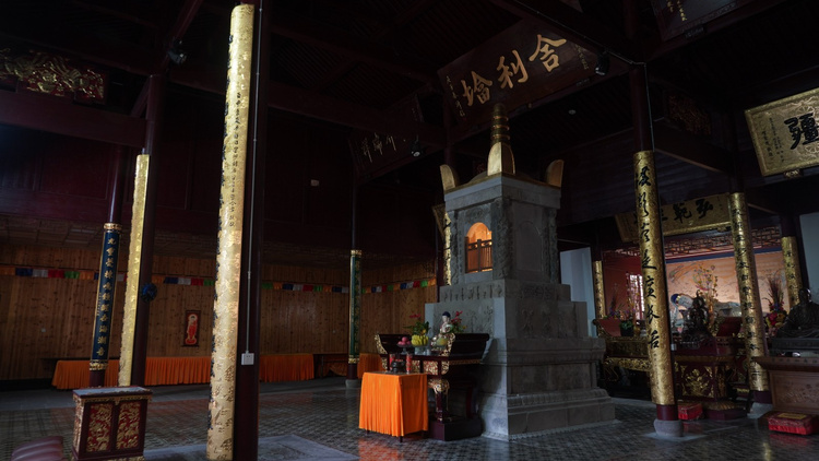 1640年),民国二十二年(1933年)方丈圆瑛禅师重建。高平屋,面广33米,进深19米。2018年方丈诚信大和尚恢复舍利塔一座。殿后佛龛内,供奉玉质卧佛一尊。
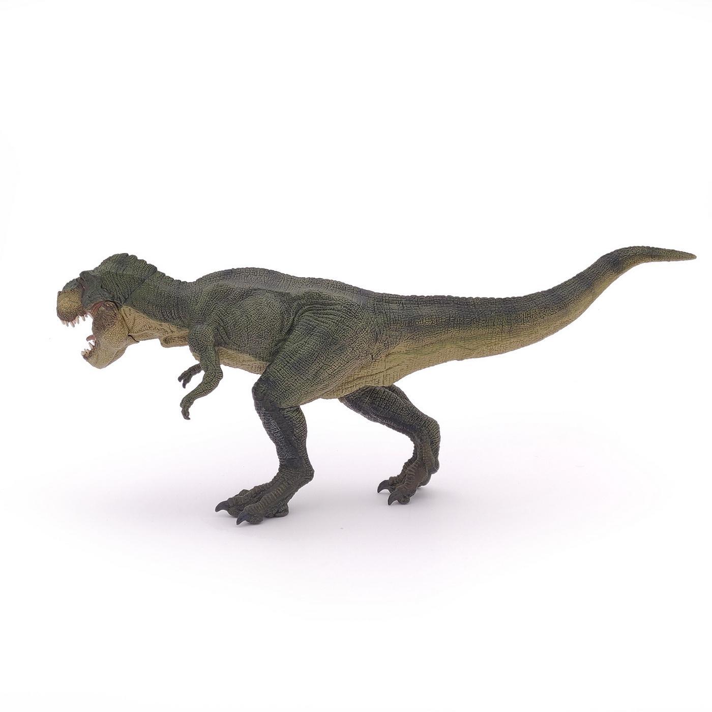 Cu dinozauri, calcati pamantul jurasic, intalniti legendarul T-Rex, plimbati-va prin campii vaste cu velociraptorul sau zburati cu un pteranodon. T-Rex a fost cel mai mare dinozaur carnivor care a aparut in Cretacicul superior,in era Mezozoica acolo unde se afla astazi Mongolia si America de Nord. Acesta este cel mai mare animal de prada care a trait vreodata pe Glob. Paleontologii au estimat ca lungimea acestui dinozaur ca fiind de 14 m, inaltimea coapselor de 6 m si greutatea de 7-10 tone. Falcile unui T-REX puteau fi deschise foarte larg deoarece erau puse in miscare de tendoane si muschi puternici. Figurina Papo T-Rex Verde isi pastreaza calitatile si proprietatile mult timp , putand fi pastrata pentru generatia urmatoare! Produsul are urmatoarele dimensiuni 32 x 7 x 13.3cm si este recomandat copiilor cu varsta peste 3 ani. De mai bine de 20 de ani, Papo inoveaza constant si ii face pe copii din intreaga lume sa viseze cu o gama bogata de peste 600 de produse, reprezentand 12 lumi, animale si personaje. De la modelul original la serie, fiecare dintre figurinele Papo a fost conceputa si creata in Franta pentru a fi fabricata intr-o permanenta preocupare pentru calitate. Pictate manual, atentia la detalii este acum recunoscuta. Figurinele Papo se disting prin acuratete si realism, detaliile sunt de asa natura incat am putea crede ca se vor pune in miscare.
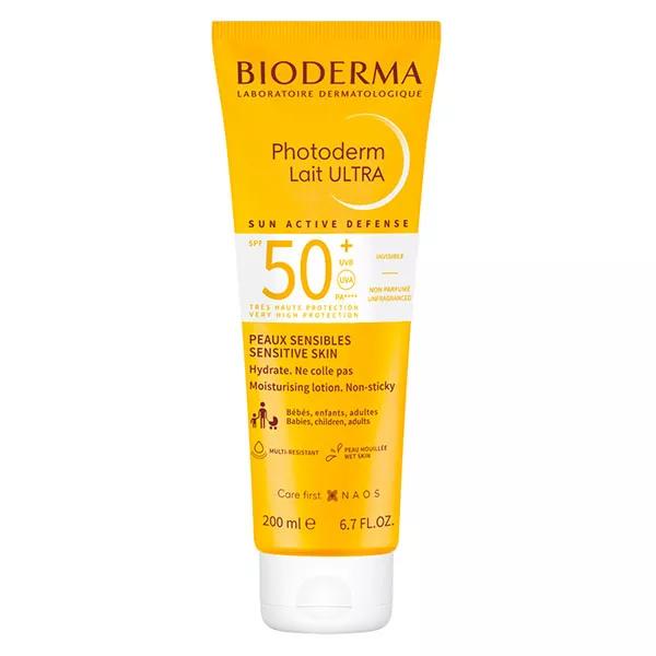 Bioderma Photoderm Lait Ultra SPF50+ 200ml est un lait solaire PHOTODERM de BIODERMA indice élevé 50+ est approprié pour les peaux très sensibles au soleil et en recherche d'une texture plus fluide que la crème solaire classique pour une application sans effort et agréable.
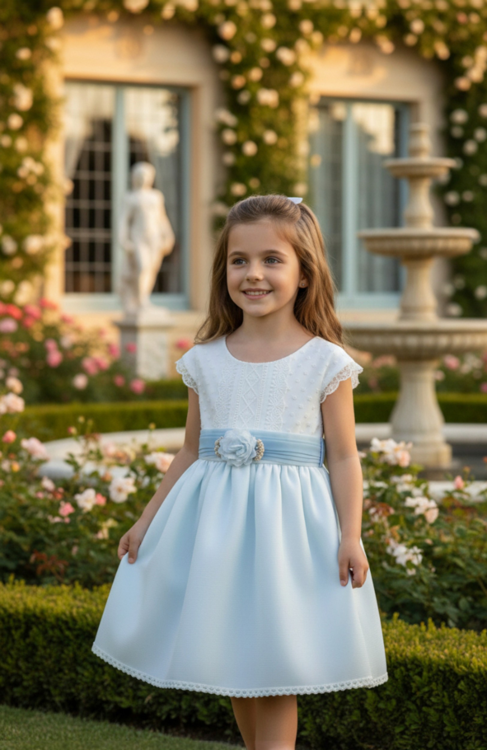 Hay días que empiezan con una trenza, unos zapatos bonitos… y una emoción que se nota en la mirada. Este vestido está pensado para esos momentos en los que ella no solo va arreglada: va radiante.
##############################
**Work request**
Leave out the pictures. Transcribe the rest of the listing above exactly.

**Solution for this exercise**
 1640年),民国二十二年(1933年)方丈圆瑛禅师重建。高平屋,面广33米,进深19米。2018年方丈诚信大和尚恢复舍利塔一座。殿后佛龛内,供奉玉质卧佛一尊。
 Cu dinozauri, calcati pamantul jurasic, intalniti legendarul T-Rex, plimbati-va prin campii vaste cu velociraptorul sau zburati cu un pteranodon. T-Rex a fost cel mai mare dinozaur carnivor care a aparut in Cretacicul superior,in era Mezozoica acolo unde se afla astazi Mongolia si America de Nord. Acesta este cel mai mare animal de prada care a trait vreodata pe Glob. Paleontologii au estimat ca lungimea acestui dinozaur ca fiind de 14 m, inaltimea coapselor de 6 m si greutatea de 7-10 tone. Falcile unui T-REX puteau fi deschise foarte larg deoarece erau puse in miscare de tendoane si muschi puternici. Figurina Papo T-Rex Verde isi pastreaza calitatile si proprietatile mult timp , putand fi pastrata pentru generatia urmatoare! Produsul are urmatoarele dimensiuni 32 x 7 x 13.3cm si este recomandat copiilor cu varsta peste 3 ani. De mai bine de 20 de ani, Papo inoveaza constant si ii face pe copii din intreaga lume sa viseze cu o gama bogata de peste 600 de produse, reprezentand 12 lumi, animale si personaje. De la modelul original la serie, fiecare dintre figurinele Papo a fost conceputa si creata in Franta pentru a fi fabricata intr-o permanenta preocupare pentru calitate. Pictate manual, atentia la detalii este acum recunoscuta. Figurinele Papo se disting prin acuratete si realism, detaliile sunt de asa natura incat am putea crede ca se vor pune in miscare.
 Bioderma Photoderm Lait Ultra SPF50+ 200ml est un lait solaire PHOTODERM de BIODERMA indice élevé 50+ est approprié pour les peaux très sensibles au soleil et en recherche d'une texture plus fluide que la crème solaire classique pour une application sans effort et agréable.
 Hay días que empiezan con una trenza, unos zapatos bonitos… y una emoción que se nota en la mirada. Este vestido está pensado para esos momentos en los que ella no solo va arreglada: va radiante.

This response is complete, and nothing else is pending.